Source material:
#####

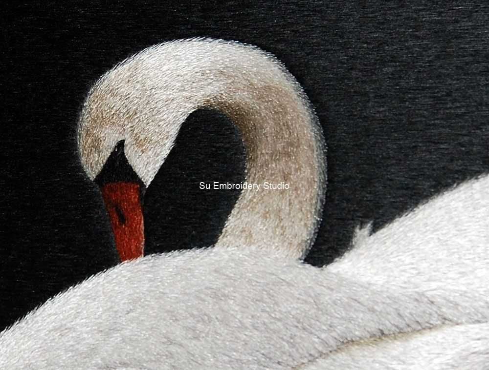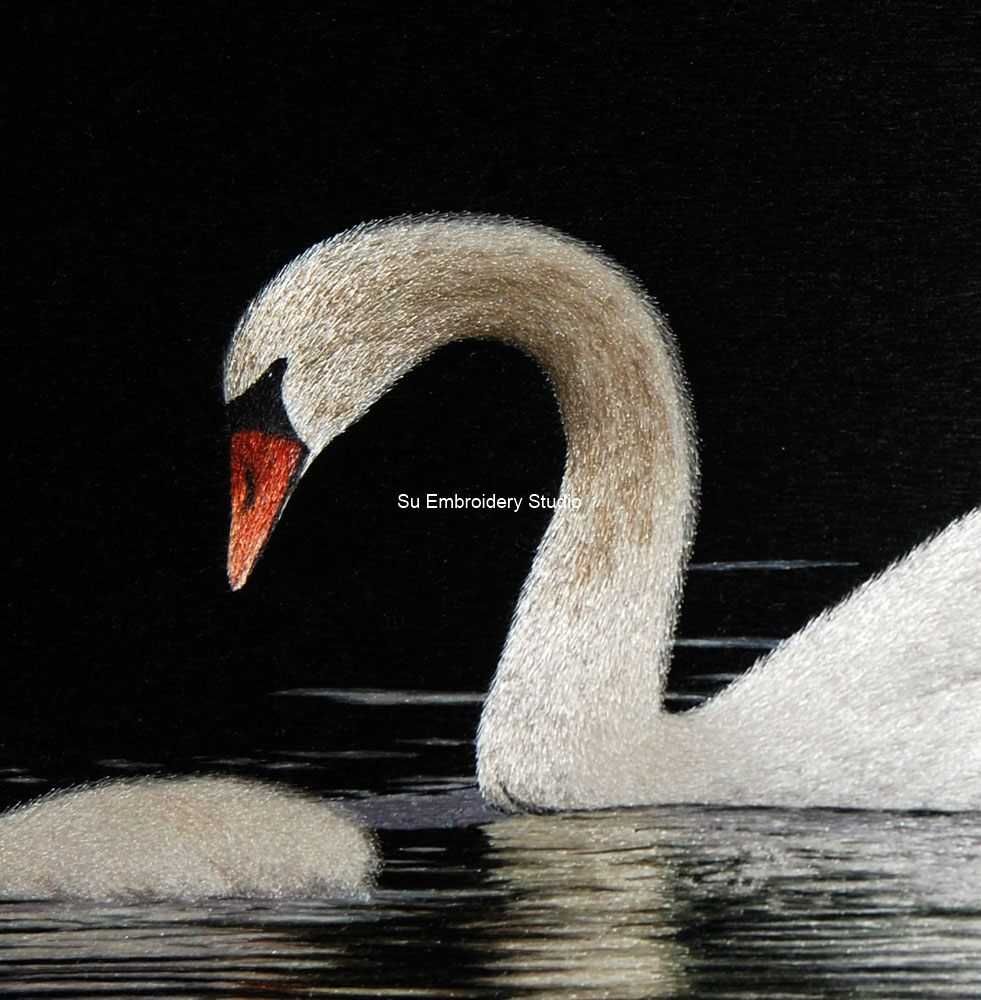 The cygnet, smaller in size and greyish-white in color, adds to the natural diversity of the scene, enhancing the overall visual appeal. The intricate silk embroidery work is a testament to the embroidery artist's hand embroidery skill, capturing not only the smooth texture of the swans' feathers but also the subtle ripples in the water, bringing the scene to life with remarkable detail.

#####

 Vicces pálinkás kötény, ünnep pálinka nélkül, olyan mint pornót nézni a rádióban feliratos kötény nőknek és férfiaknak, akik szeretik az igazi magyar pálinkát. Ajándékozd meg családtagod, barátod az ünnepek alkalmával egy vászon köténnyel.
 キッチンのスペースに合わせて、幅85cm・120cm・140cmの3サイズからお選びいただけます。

#####

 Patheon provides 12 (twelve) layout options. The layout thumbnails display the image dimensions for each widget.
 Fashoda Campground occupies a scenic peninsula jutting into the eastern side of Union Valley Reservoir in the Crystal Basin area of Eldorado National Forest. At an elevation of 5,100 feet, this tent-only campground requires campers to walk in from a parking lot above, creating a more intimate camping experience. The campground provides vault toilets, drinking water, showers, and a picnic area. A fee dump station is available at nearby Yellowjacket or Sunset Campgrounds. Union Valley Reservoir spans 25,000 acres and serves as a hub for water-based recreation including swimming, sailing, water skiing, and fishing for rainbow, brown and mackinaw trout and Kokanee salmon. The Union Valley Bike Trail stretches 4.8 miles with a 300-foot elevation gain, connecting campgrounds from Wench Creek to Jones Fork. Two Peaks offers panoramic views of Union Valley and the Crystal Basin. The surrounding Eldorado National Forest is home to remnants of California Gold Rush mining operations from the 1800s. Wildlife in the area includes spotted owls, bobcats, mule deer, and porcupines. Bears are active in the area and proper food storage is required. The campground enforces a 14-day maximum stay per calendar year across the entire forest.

#####

Work task:
All lines carrying the word "provides" must be copied from the data above.

Finished exercise:
 Patheon provides 12 (twelve) layout options. The layout thumbnails display the image dimensions for each widget.
 Fashoda Campground occupies a scenic peninsula jutting into the eastern side of Union Valley Reservoir in the Crystal Basin area of Eldorado National Forest. At an elevation of 5,100 feet, this tent-only campground requires campers to walk in from a parking lot above, creating a more intimate camping experience. The campground provides vault toilets, drinking water, showers, and a picnic area. A fee dump station is available at nearby Yellowjacket or Sunset Campgrounds. Union Valley Reservoir spans 25,000 acres and serves as a hub for water-based recreation including swimming, sailing, water skiing, and fishing for rainbow, brown and mackinaw trout and Kokanee salmon. The Union Valley Bike Trail stretches 4.8 miles with a 300-foot elevation gain, connecting campgrounds from Wench Creek to Jones Fork. Two Peaks offers panoramic views of Union Valley and the Crystal Basin. The surrounding Eldorado National Forest is home to remnants of California Gold Rush mining operations from the 1800s. Wildlife in the area includes spotted owls, bobcats, mule deer, and porcupines. Bears are active in the area and proper food storage is required. The campground enforces a 14-day maximum stay per calendar year across the entire forest.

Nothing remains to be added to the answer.